This article is intended mainly for developers who are new to Xen and who want to know more about it. The Xen VMM (virtual machine monitor) is an open-source project that is being developed in the computer laboratory of the University of Cambridge, UK. It enables us to create many virtual machines, each of which runs an instance of an operating system. These guest operating systems can be a patched Linux kernel, version 2.4 or 2.6, or a patched NetBSD/FreeBSD kernel.
Didnt have time to read the article. Is this same as Solaris Zones?
Solaris Zones is similar to FreeBSD jails or the new Linux Virtual Server project, where you can run several “virtual” systems on a single OS. However, each “virtual” system is the same OS, and the entire thing runs on a single kernel.
Xen is a hardware virtualisation monitor. You can run multiple OSes on a single CPU, at the same time. Very different beast. Think VMware, but much lower down, in the hardware.
Solaris Zones is similar to FreeBSD jails or the new Linux Virtual Server project, where you can run several “virtual” systems on a single OS. However, each “virtual” system is the same OS, and the entire thing runs on a single kernel.
Xen is a hardware virtualisation monitor. You can run multiple OSes on a single CPU, at the same time. Very different beast. Think VMware, but much lower down, in the hardware.
It really depends what you want to use it for. If you only intend to run Solaris apps then Containers (Zones + Resource Management) use a lot fewer resources than multiple OS instances, but look like multiple OS instances. Less memory, less disk space and less performance overhead. Until Linux ABI support is released (supposed to be sometime next year) Solaris Containers only support Solaris apps. Not all that serious since most major apps Oracle, Apache etc. are all available for Solaris (stating the obvious aren’t I
If you intend to run multiple OS instances then something like Xen or VMWare is what you need (on x86/x64 anyway), there are more sophisticated systems for other ISAs. Xen uses paravirtualisation (like a number of other systems), which reduces the performance overhead, but does not eliminate it entirely. In a recent paper titled “Diagnosing Performance Overheads in the Xen Virtual Machine Environment” the performance overhead for network loads was found to be significantly higher than reported in the “Xen and the Art of Virtualization” paper. I don’t know to what extent the Xen guys have remedied this. Perhaps one of the friendly Xen guys can respond.

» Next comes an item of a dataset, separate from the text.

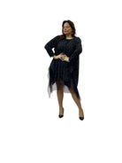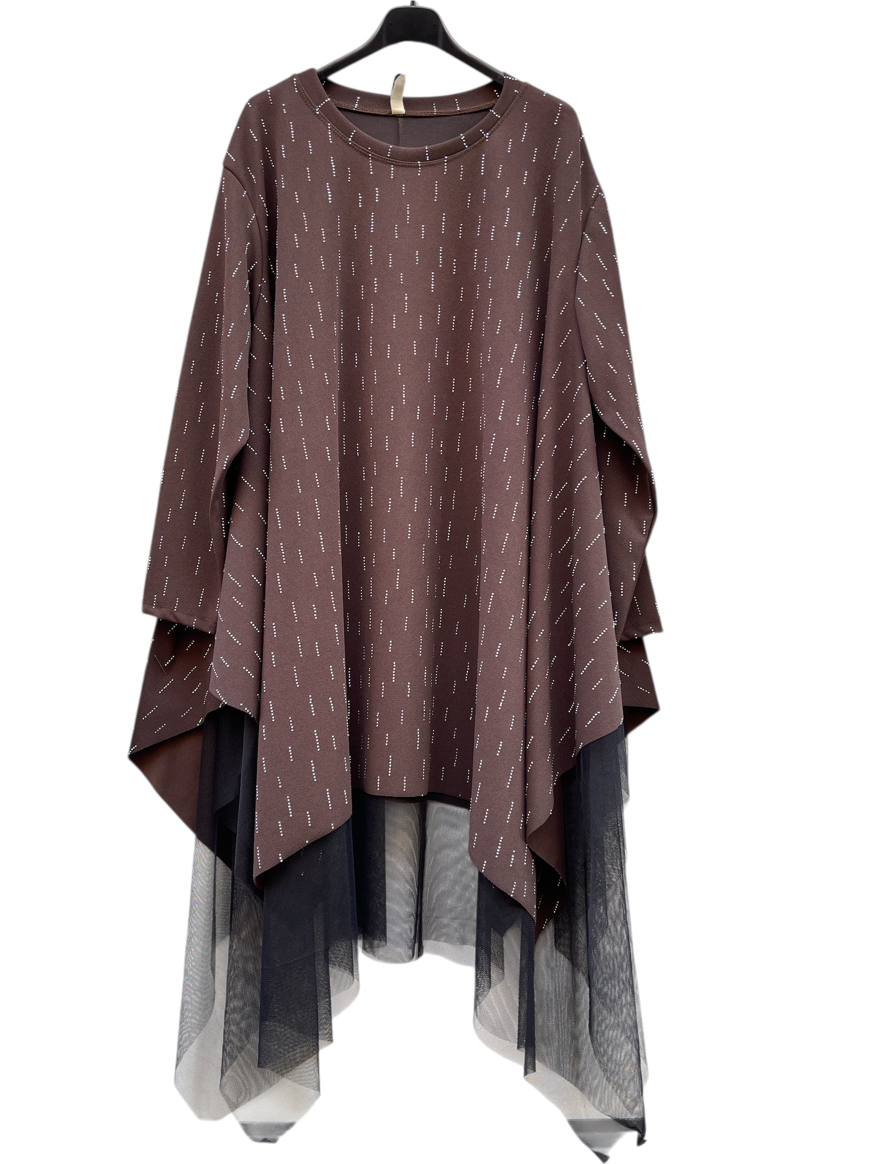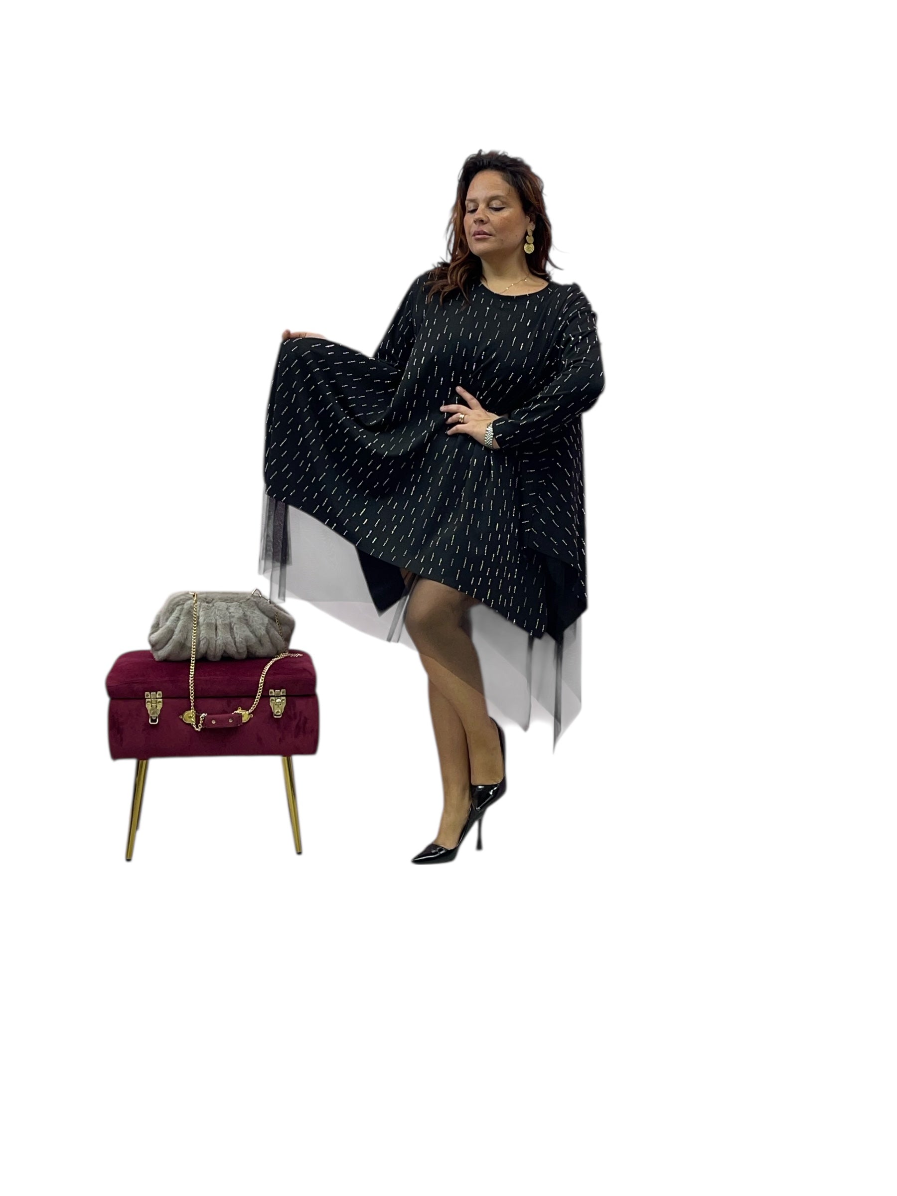 Abito/casacca lunga con brillantini svasata e sotto in tulle

I wouldn’t agree with the comment that “Xen is much lower down in the hardware than VMware”. If you are referring to VMWare workstation then yes, but not for VMWare ESX Server.
Xen is certainly an impressive x86 VMM, but there are a lot of other systems to consider (not just on x86) (too many to list here).
> It really depends what you want to use it for.
I couldn’t agree more! I always like to stress that OS-based and hypervisor-based virtualisation are complimentary and should ideally be available together. OS-based partitioning is more convenient and extremely low overhead. Hypervisor-based partitioning allows better {performance, security, administrative} isolation, heterogeneous guest OSes, “live migration” between hosts, etc.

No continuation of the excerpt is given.